Set the independent variables.

In [None]:
# independent variables
var1 = list(map(int, train_data["tempC"].tolist()))[:-1]
var2 = list(map(int, train_data["pressure"].tolist()))[:-1]
var3 = list(map(int, train_data["humidity"].tolist()))[:-1]

Calculate mulitple linear regression for the independent variables.

In [None]:
# Points on the regression line
xplt = np.array(list(zip(var1, var2, var3)))
multi_reg = LinearRegression().fit(xplt, y)

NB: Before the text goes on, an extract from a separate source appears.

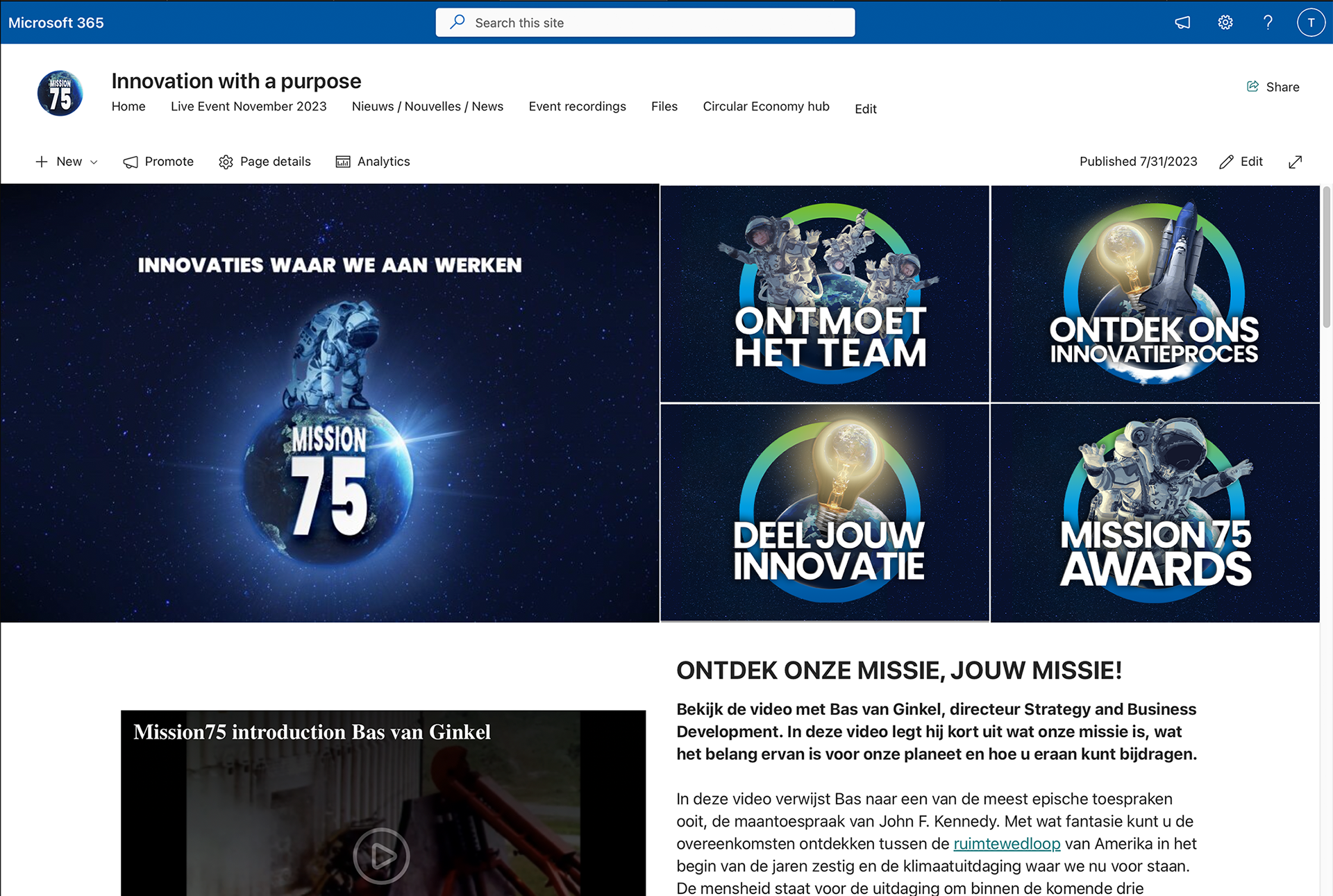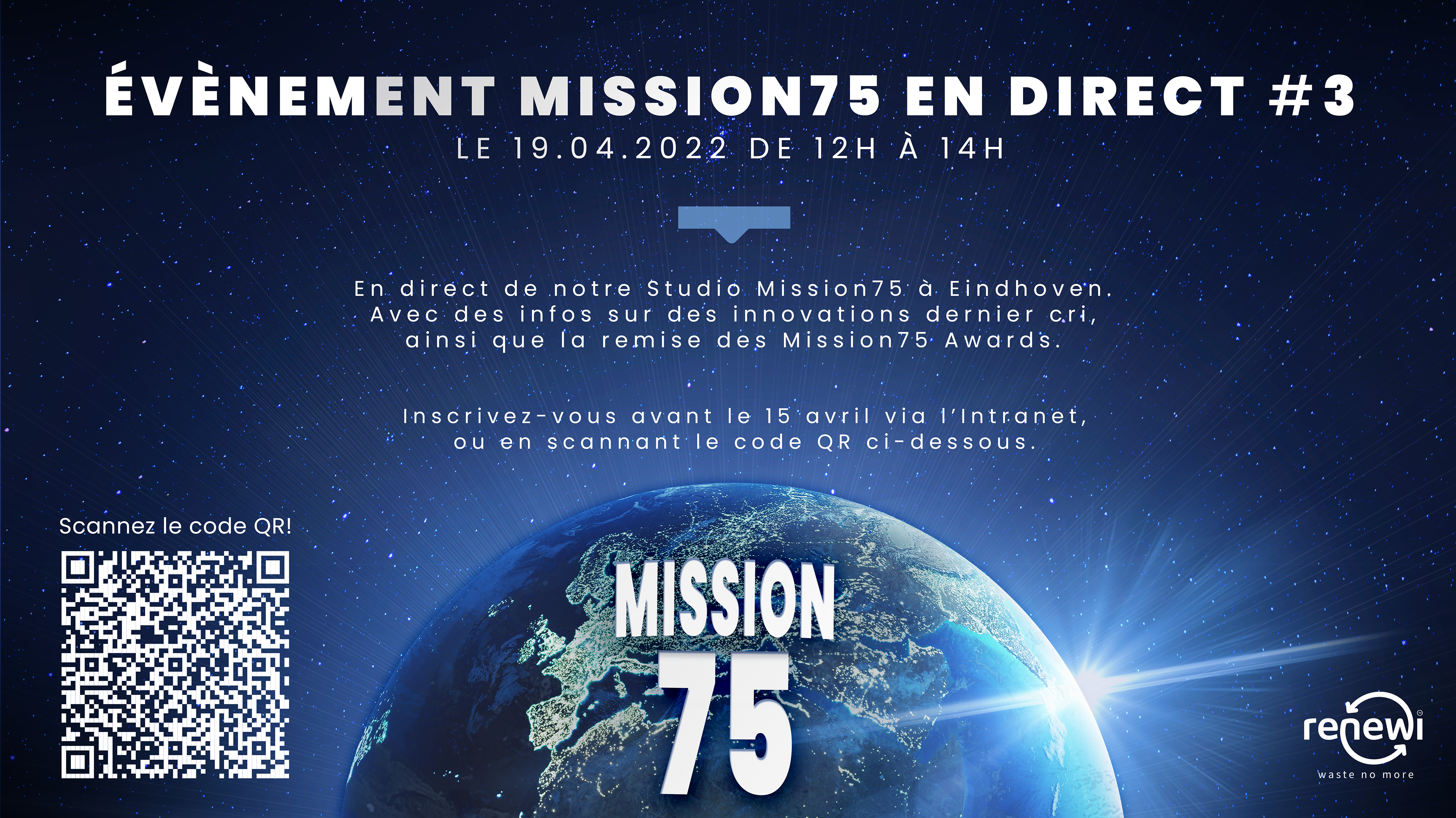 Voor de aankondiging van het Mission75 event zijn meerdere communicatieve uitingen gemaakt om de doelgroep te stimuleren om zich aan te melden, zowel in het Frans, Engels en Nederlands. Ze werden getoond op het Intranet (banner), de narrowcasters (animatie en poster) en staande banners op verschillende locaties.

yhat = multi_reg.predict(xplt)

day = range(len(y))
dayplt = range(len(yhat))

#Prints information
coefficients = multi_reg.coef_
intercept = multi_reg.intercept_
correlation = multi_reg.score(xplt,y)
numVar = (xplt.shape)[1]
for j in range(numVar):
    print('slope of x_%d is %f' %(j,coefficients[j]))
print('intercept is %f' %(intercept))
print('correlation is %f' %(correlation))
print('y-hat explains about %f%% of variation' %(correlation*100))

## Graph
Plot the multiple linear regression model's prediction for each day of 2019.

In [None]:
plt.plot(day,y,'o')                    # Plot the data points
plt.plot(dayplt,yhat,'-',linewidth=3)  # Plot the regression line
plt.xlabel('Day')
plt.ylabel('Temperature °C')
plt.suptitle('Predicting Tomorrow\'s Temperature in °C')
plt.grid(True)
plt.savefig('multi_linear_reg.png')
plt.show()

Plot the predicted versus actual temperature.

In [None]:
plt.plot(yhat,y,'o')
plt.xlabel('Predicted Temperature °C')
plt.ylabel('Actual Temperature °C')
plt.suptitle('Predicted vs Actual Temperature in °C')
plt.grid(True)
plt.savefig('plot_multi_linear_reg.png')
plt.show()

## Testing
Calculate how close the multiple linear regression model fits temperature data from another year

In [None]:
# independent variables
var1 = list(map(int, test_data["tempC"].tolist()))[:-1]
var2 = list(map(int, test_data["pressure"].tolist()))[:-1]
var3 = list(map(int, test_data["humidity"].tolist()))[:-1]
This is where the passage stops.